Soon we're off to the highlands for a cycle tour with wild camps. Hamish has got really carried away and bought a rack for his trusty Whyte! The gullible fool.


----------



## Spinney (13 May 2014)

Nice pics!


----------



## Cush (13 May 2014)

Geoff; nice set of photos of some of my favorite places especially Hartside. By the way is that a Dawes Kharkum? with butterfly bars.


----------



## Geoff Crowther (13 May 2014)

Hi Cush, thanks for the kind comment.
Yes, my bike is indeed a Dawes Karakum with standard fit butterfly bars. I love it.
Cheers
Geoff


----------



## Browser (2 Jul 2014)

Well done sir! Looking at your pics it looks like Hownsgill viaduct has been encased in cage, sadly probably to stop people jumping off


----------



## jack smith (3 Jul 2014)

I seem to recognise you both from.not too long ago, I've got a knack to remembering people who wave and who don't lol I live between the gill bridge and beamish where the cow sculptures are and ride the route daily, yes the gill bridge has been caged for around a year now but people still seem to jump off, it really spoils the view although I feel safer crossing it on a bike and I can imagine so do the horse riders who never bother to get off as instructed


----------



## Geoff Crowther (3 Jul 2014)

Hi Jack, it's really pleasing to think you might have remembered us cos we waved. I do try to acknowledge everyone I encounter along the way in as cheery a way as possible, especially on shared trails. There's far too much grumpiness in the world. Thanks for looking.


----------



## br5968 (3 Jul 2014)

Looks like a great trip. Glad to see you opted for the original (and best) finish. Lots of improvements happening down at Roker at the moment - landscaping, refurbishment of the pier, and some additional shops/restaurants. Starting to look pretty good.


----------



## Geoff Crowther (3 Jul 2014)

br5968 said:


> Looks like a great trip. Glad to see you opted for the original (and best) finish. Lots of improvements happening down at Roker at the moment - landscaping, refurbishment of the pier, and some additional shops/restaurants. Starting to look pretty good.

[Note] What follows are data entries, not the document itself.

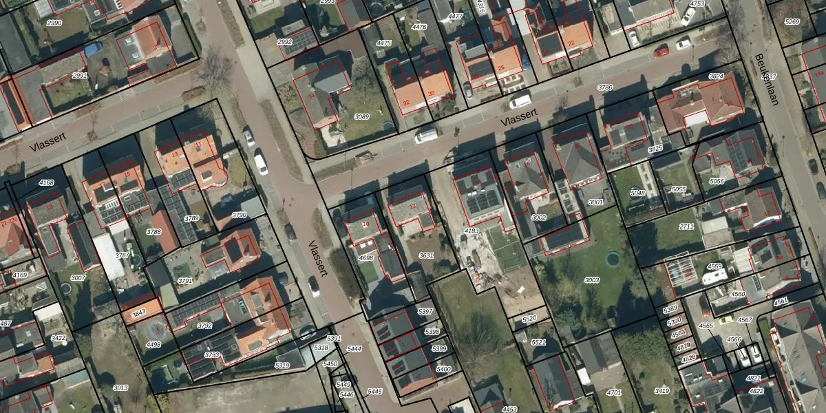 Het perceel waarop Vlassert 12 staat heeft een oppervlakte van 339 m². Dit is een groot perceel. De perceeloppervlakte wordt geregistreerd door het Kadaster. Gedetailleerde informatie over de maten van dit perceel kunt u vinden in het rapport Kadastrale kaart met maatvoering van Vlassert 12.
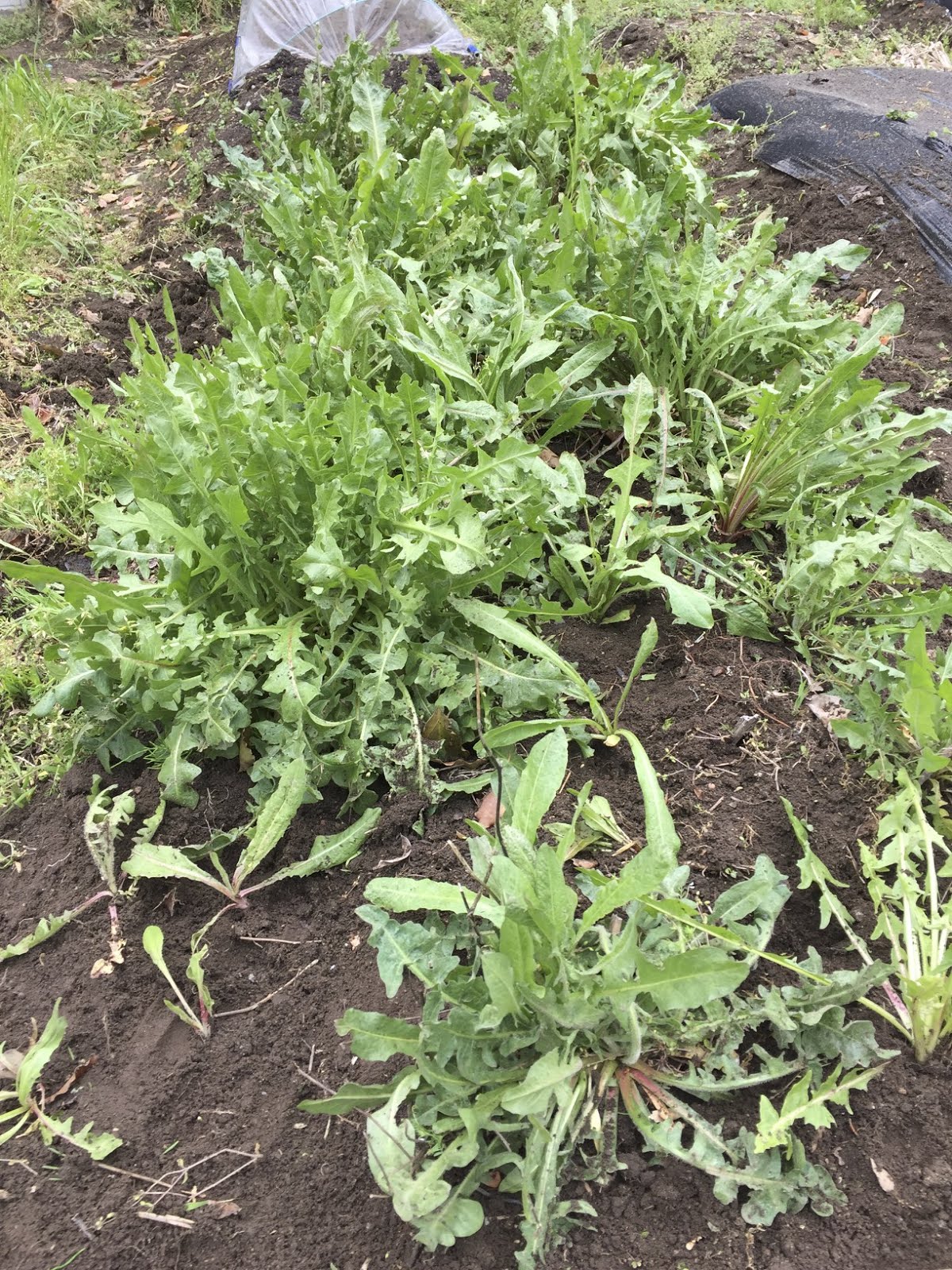 | 葉がギザギザなのが『ダカンポ』、スムースなのが『カタルーニャ』。 どちらも根が発達するので、根まで収穫してチコリーコーヒーを作ることができる。 根まで収穫したところには、株分けした小さな苗を移植している。 |
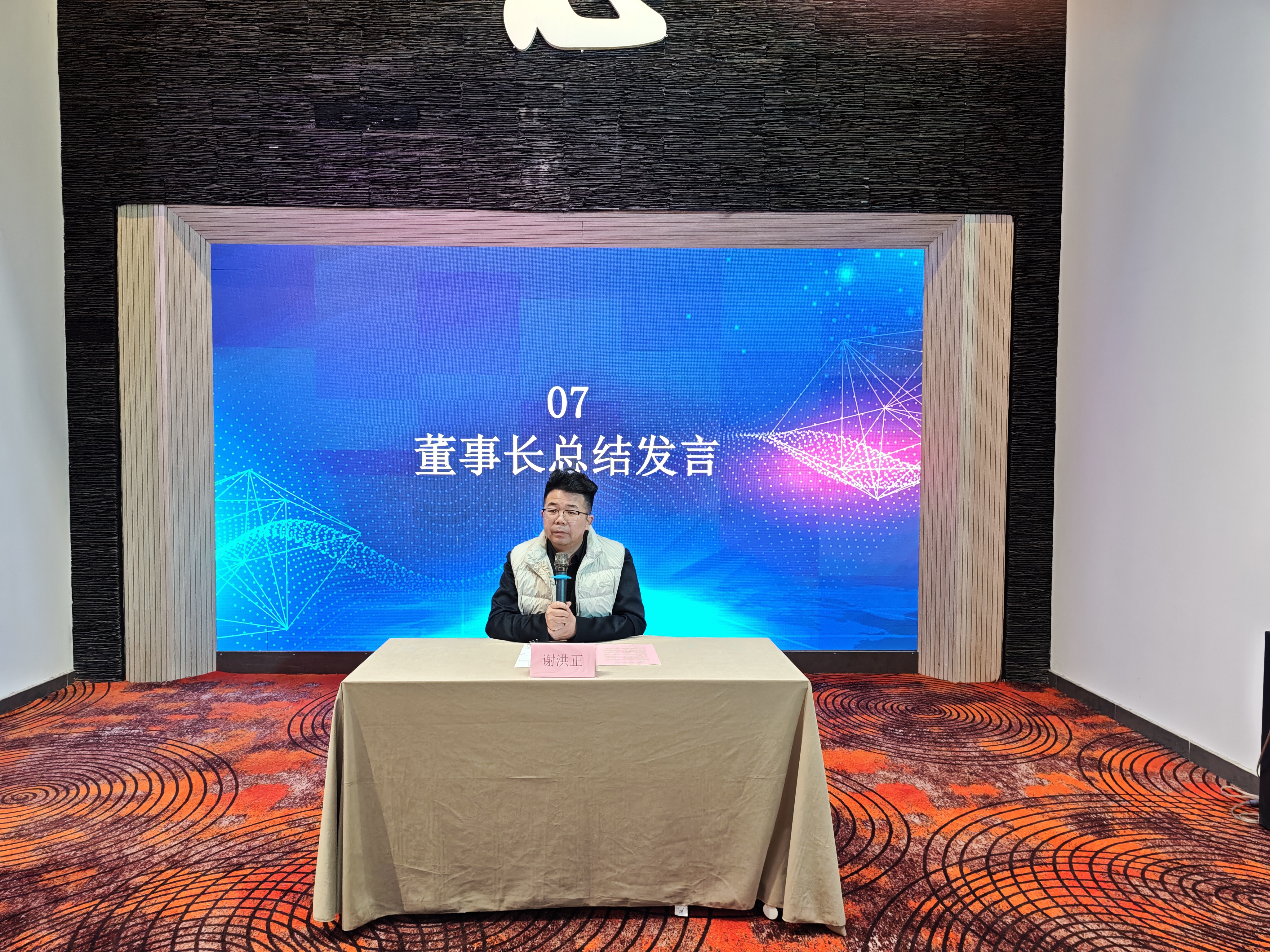 会议尾声,董事长谢洪正作总结发言。他感谢全体员工过去一年的拼搏,肯定大家在行业寒冬中的坚守与实干。
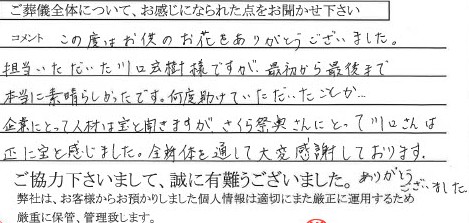 この度はお供のお花をありがとうございました。担当いただいた川口宏樹様ですが、最初から最後まで本当に素晴らしかったです。何度助けていただいたことか…。
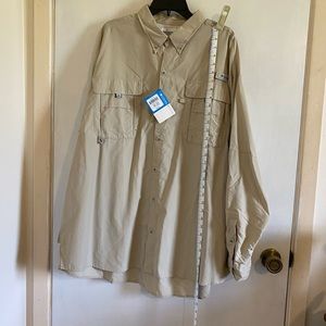 ◾️Description- New with tags Columbia long sleeve shirt//button up// collared//front pockets//one sleeve is more wrinkled than the other because it was rolled up while in the closet//approximately 30inches pit to pit
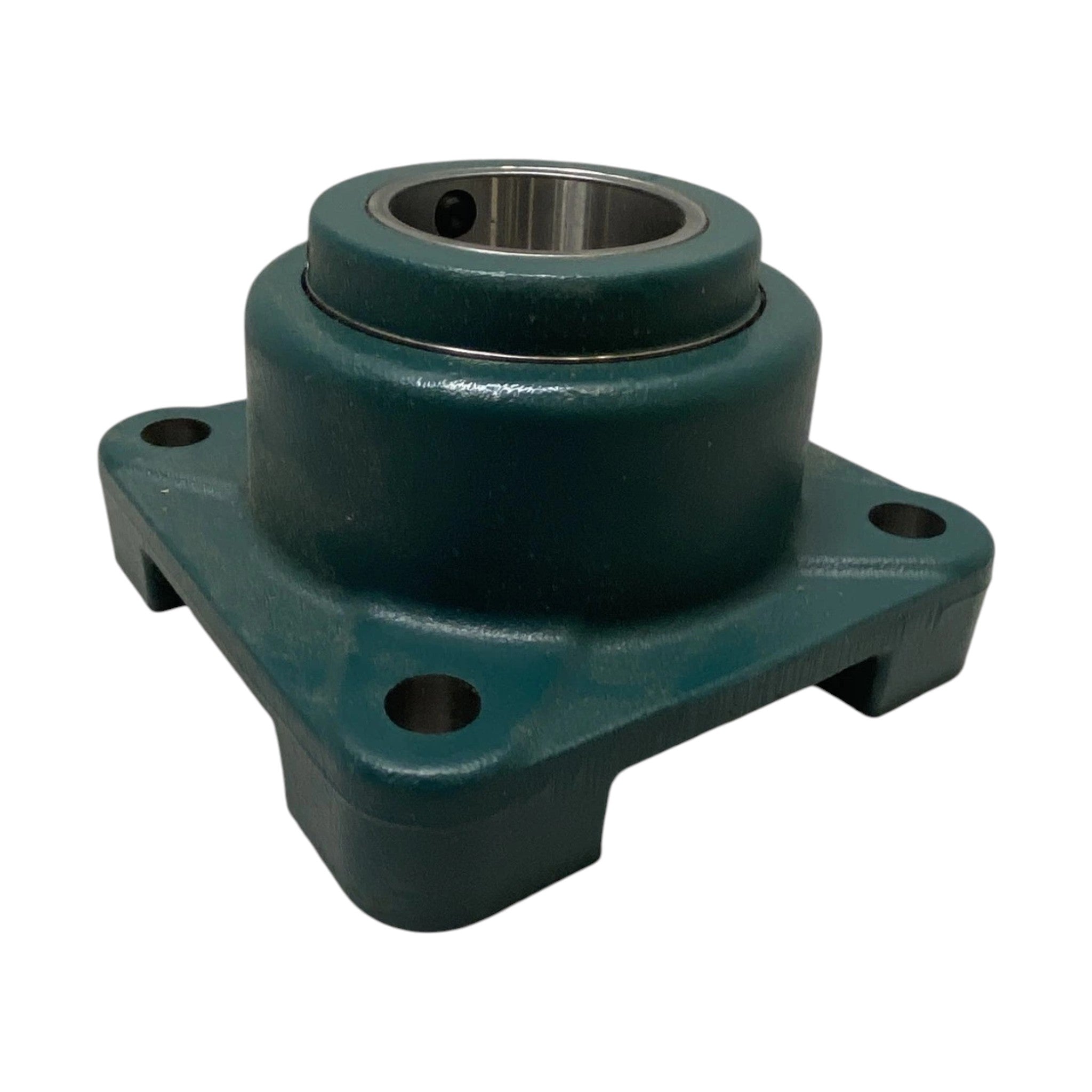 Description: Four-Bolt Square Roller Bearing Unit - Tapered Roller Brg., 3 in Bore , 4-Bolt Flange Mount, Set Screw, Non-Expansion Bearing (Fixed), Cast Iron Housing (No Core Charge)
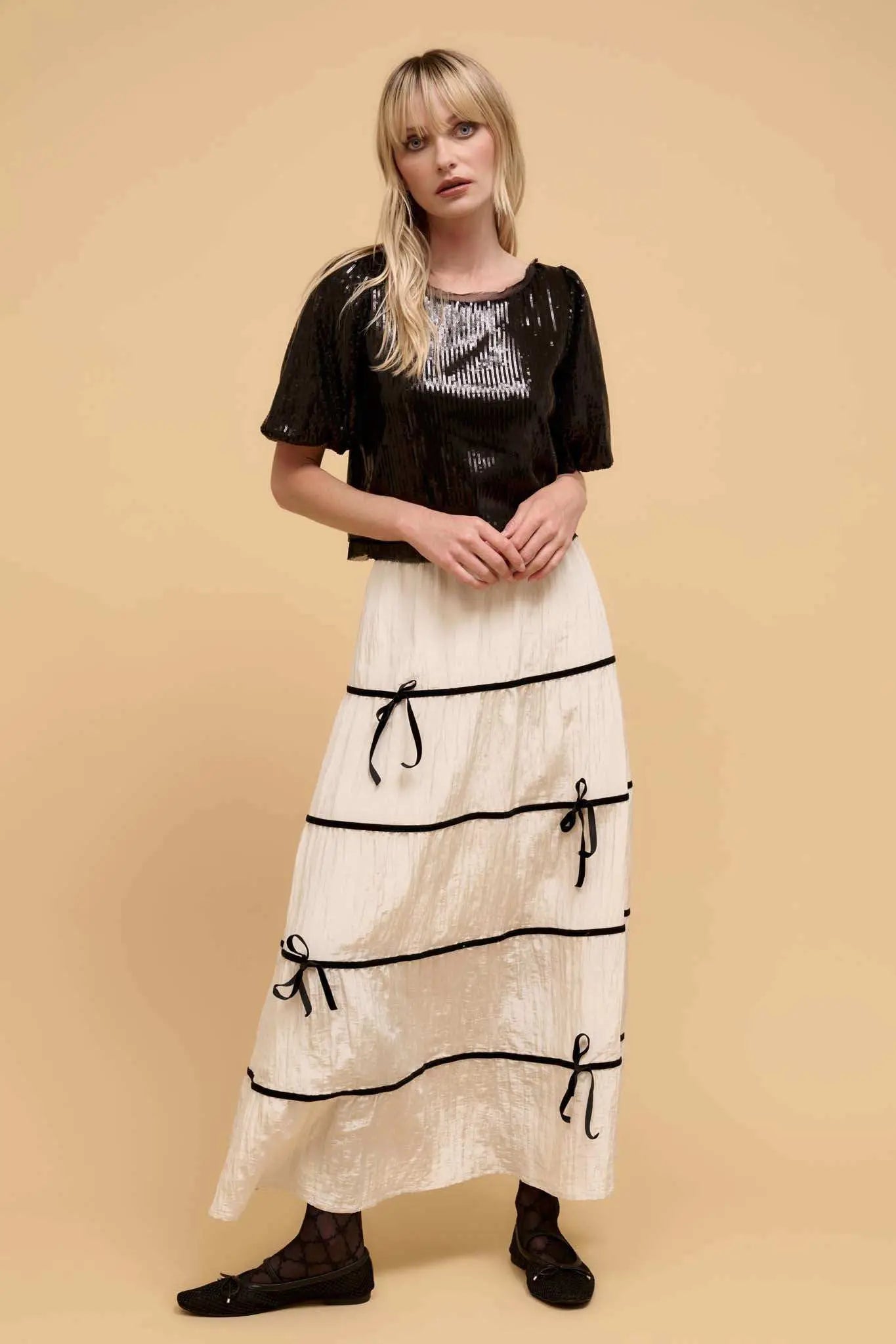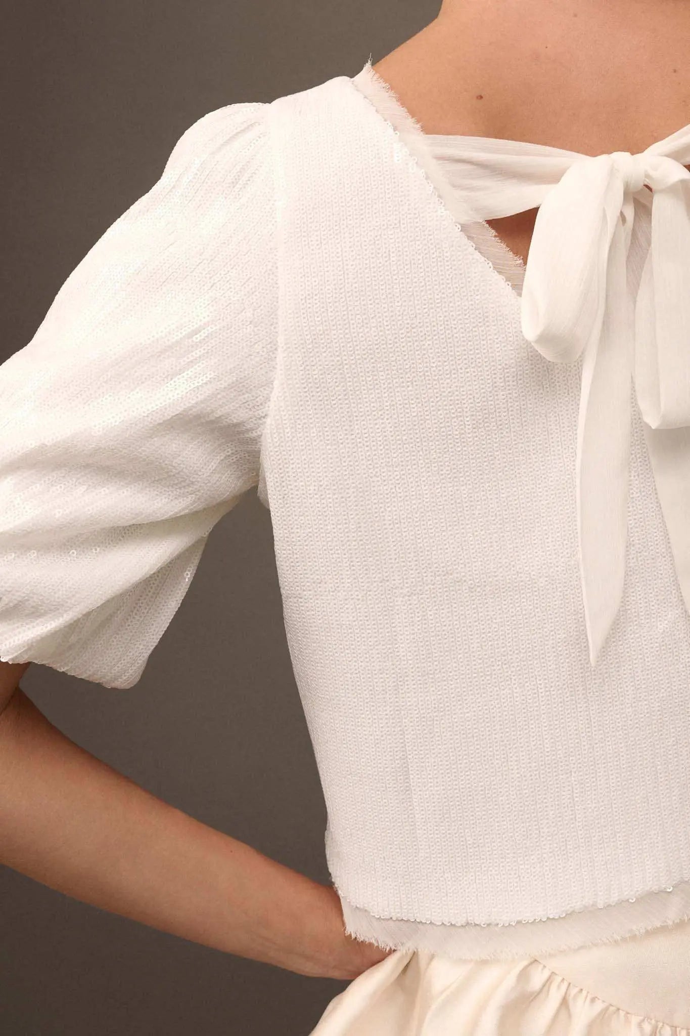 • Solid sequin top.

Yeah, agree 100%. The ride along the riverside at the end was a great finishing experience. Very smart seafront and we enjoyed ice creams and coffee at a cafe there.


----------



## theloafer (11 Jan 2015)

hi Geoff
great photo`s looks like you had fun  brings back memories of mine in 2012 should be good training for your JOGLE


----------



## itchybeard (7 Jun 2015)

well done, nice post.


----------